Short of that perfectly worded, almost impossible to write, white flag, it does sound like you would both benefit from talking things through in a safe and supervised context (eg with a relationship counsellor). Or persist with low/no-contact.

Fran2023 · 02/10/2023 08:25

Again, in a family, there is no such thing as one person being entirely responsible for conflict. There is always a history and a pattern. Families are complex and organic. You want advice - I’ve given it. Stay away.

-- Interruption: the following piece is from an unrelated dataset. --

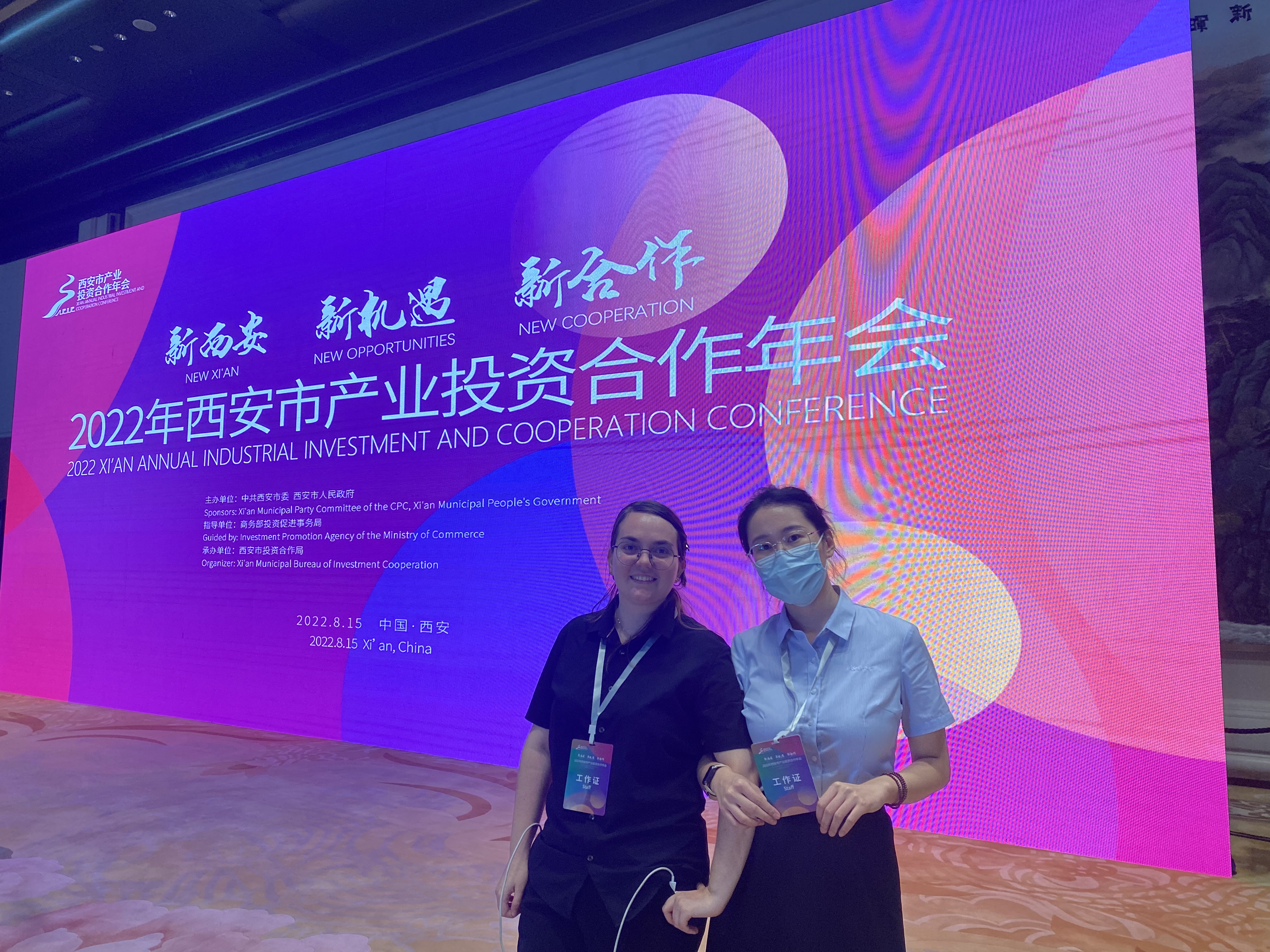 2022年8月15日,由中共西安市委、西安市人民政府主办的“西安市产业投资合作年会”召开,受学院MTI教育中心委派,365英国官网2021级翻译硕士研究生张江薇、王一翔、列拉以西安市投资合作局实习生身份担任年会工作人员,负责会场布置、候场、转场等工作。

Loubelle70 · 02/10/2023 08:29

Fran2023 · 02/10/2023 08:25

Again, in a family, there is no such thing as one person being entirely responsible for conflict. There is always a history and a pattern. Families are complex and organic. You want advice - I’ve given it. Stay away.

I agree.
If OP wants everyone to agree and not answer our questions such as have you looked at yourself to see if you are part of the problem...or are the problem..then this is just a reaffirming post.

mindutopia · 02/10/2023 09:34

Birthday and Christmas cards are for people you actually want in your life and are close to. If you aren't close, no need to send. I am NC with my family now, but when I was LC I definitely wasn't sending any cards and I told them not to either. Anything they sent just went in the bin. They were horrible to me and my children. I didn't want a bloody card from them. This person has expressed a wish not to have a relationship with you. You will see them at things presumably, that's unavoidable, it sounds. But sending cards always felt like them trying to impose on what was an otherwise happy time. Just leave them be and enjoy your time with your own family.

GoodOldEmmaNess · 02/10/2023 10:20

Loubelle70 · 02/10/2023 08:29

I agree.
If OP wants everyone to agree and not answer our questions such as have you looked at yourself to see if you are part of the problem...or are the problem..then this is just a reaffirming post.

This (like one or two others on this thread) is a horribly harsh post. You simply don't have enough information about the situation to post so dogmatically.

The OP hasn't said anything to merit such a judgemental stance.

MrsDanversGlidesAgain · 02/10/2023 14:53

This (like one or two others on this thread) is a horribly harsh post. You simply don't have enough information about the situation to post so dogmatically

Some people just love to make posters feel bad.